Elsevier

Neurocomputing

Volume 531, 28 April 2023, Pages 87-99
Neurocomputing

Federated learning by employing knowledge distillation on edge devices with limited hardware resources

https://doi.org/10.1016/j.neucom.2023.02.011Get rights and content

Abstract

This paper presents a federated learning approach based on utilizing computational resources of the IoT edge devices for training deep neural networks. In this approach, the edge devices and the cloud server collaborate in the training phase while preserving the privacy of the edge device data. Owing to the limited computational power and resources available to the edge devices, instead of the original neural network (NN), we suggest to use a smaller NN generated using a proposed heuristic method. In the proposed approach, the smaller model, which is trained on the edge device, is generated from the main NN model. By the exploiting Knowledge Distillation (KD) approach, the learned knowledge in the server and the edge devices can be exchanged, leading to lower required computation on the server and preserving data privacy of the edge devices. Also, to reduce the knowledge transfer overhead on the communication links between the server and the edge devices, a method for selecting the most valuable data to transfer the knowledge is introduced. The effectiveness of this method is assessed by comparing it to state-of-the-art methods. The results show that the proposed method lowers the communication traffic by up to 250 × and increases the learning accuracy by an average of 8.9 % in the cloud compared to the prior KD-based distributed training approaches in CIFAR-10 dataset.

Introduction

Neural networks (NNs), especially deep NNs (DNNs), have become very popular in recent years owing to their high accuracy outputs in many applications. The high accuracy has been achieved as a result of a considerable increase in the complexity and parameter counts of the DNNs. Obviously, the increase in NN model size mandates higher computational and memory resources for the training and inference phases. To fulfill these requirements, currently, GPUs and special-purpose hardware accelerators are platforms that are used for the training of DNNs. At the same time, size of the training dataset impacts the quality of the trained DNN. This, again, makes storing and accessing large datasets for the training as another challenge in the design of DNNs.

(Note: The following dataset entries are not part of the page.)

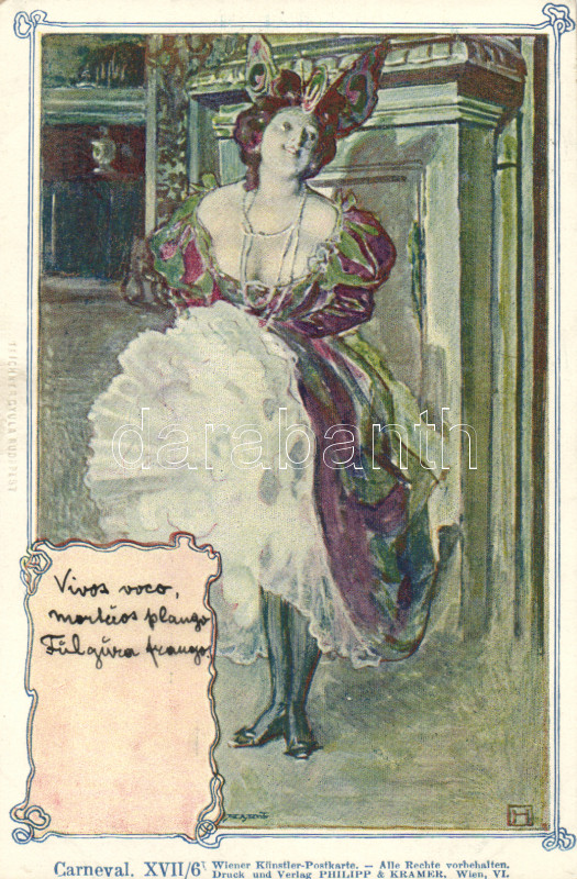 1898 Wiener Künstlerkarte, Carneval XVII/6, Philipp und Kramer https://www.darabanth.com/de/168-Fernauktion/168.0/Ansichtskarten/Kunstler~2000325/1898-Wiener-Kunstlerkarte-Carneval-XVII6-Philipp-und-Kramer~II561205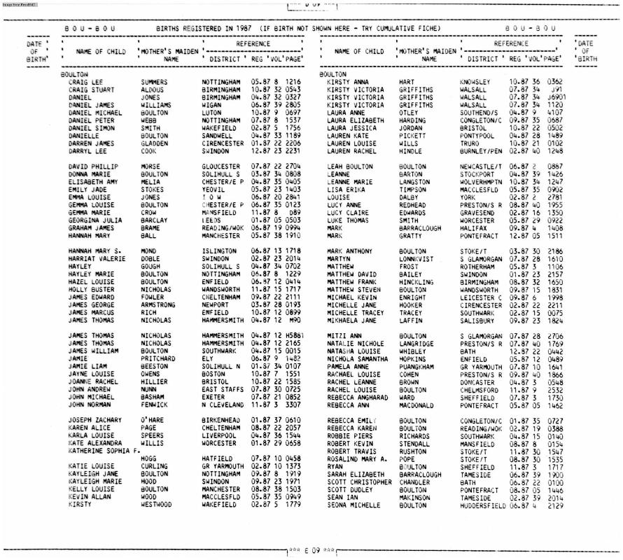 Birth Register Daniel Stephen BOULTONRegistered at Sandwell on 26 December 1986 Volume 33 Page 1189 Mothers Maiden Name BEMBRIDGE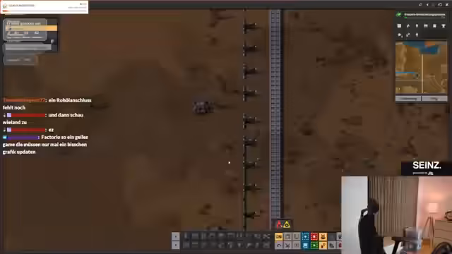 07:46:00Der Streamer plant, Express-Fließbänder, Strommasten und Bauroboter anzufordern, um die Effizienz auf Vulkanus zu steigern. Er überlegt, wie Wolfram-Karbid hergestellt wird und stellt fest, dass Kohlenstoff, Wolfram, Erz und Schwefelsäure benötigt werden. Da die vollautomatische Kohlenstoffherstellung möglich ist, soll der Wurm sie ausführen. Es wird diskutiert, wie Ressourcen von anderen Planeten angefordert werden können, insbesondere von Nauvis, um den Bedarf an Förderbändern und anderen Materialien zu decken. Der Streamer möchte, dass Schiffe automatisch zu Nauvis fliegen, die ausgewählten Ressourcen abholen und liefern. Es wird festgestellt, dass Raketensilos nicht benötigt werden, aber Anfragen von Raumplattformen weitergeleitet werden müssen. Der Streamer aktiviert die Weiterleitung von Anfragen auf allen Planeten, einschließlich Nauvis, und bestellt Bau- und Logistikroboter. Da auf Vulkanus kein Holz für Strommasten vorhanden ist, müssen diese ebenfalls geliefert werden. Es wird betont, dass alles auf Vulkanus geliefert werden muss, was die Bedeutung der vorhandenen Ressourcenbasis unterstreicht. Der Streamer baut eine Kohleförderanlage und stellt fest, dass eine Pumpe für die Schwefelsäure fehlt. Er improvisiert, indem er eine Pumpe abbaut und die Kohle zur Schmelzanlage bringt. Der Einsatz von Abraubrobotern würde die Effizienz erheblich steigern, sobald genügend Bauroboter vorhanden sind.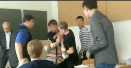 La reacción del estudiante es inmediata y violenta. Sin mediar más palabras, se levanta y arremete contra el docente frente a todos sus compañeros.

One solution to tackle these challenges is a distributed learning paradigm where the required compute and/or memory resources are divided and distributed among some processing nodes. While the distributed learning can expedite the training phase, it faces some challenges. The main challenge is the integration of the trainings performed at different processing nodes. The state-of-the-art solutions for this challenge can be found in the transfer learning methods [1]. In transfer learning, the knowledge available in a first group of NNs is utilized to improve the accuracy of a second group of NNs without requiring one to perform a complete training operation with datasets of the first group of NNs. In addition, in distributed learning, each processing unit often needs to transfer its data to a central server or other processing units. The number of times that this data is sent through the network, the volume of the data, and the latency of these data transfers are the issues which are critical parameters in distributed learning methods. Furthermore, the timing protocol used for data transfer has been used to categorize the distributed learning approaches into synchronous and asynchronous types [2]. In the former type, the model update on a processing unit occurs when the updates on the other processing units take place, while in the latter data transfer protocol type this particular timing of the updates is not observed, and each processing unit can update itself independently.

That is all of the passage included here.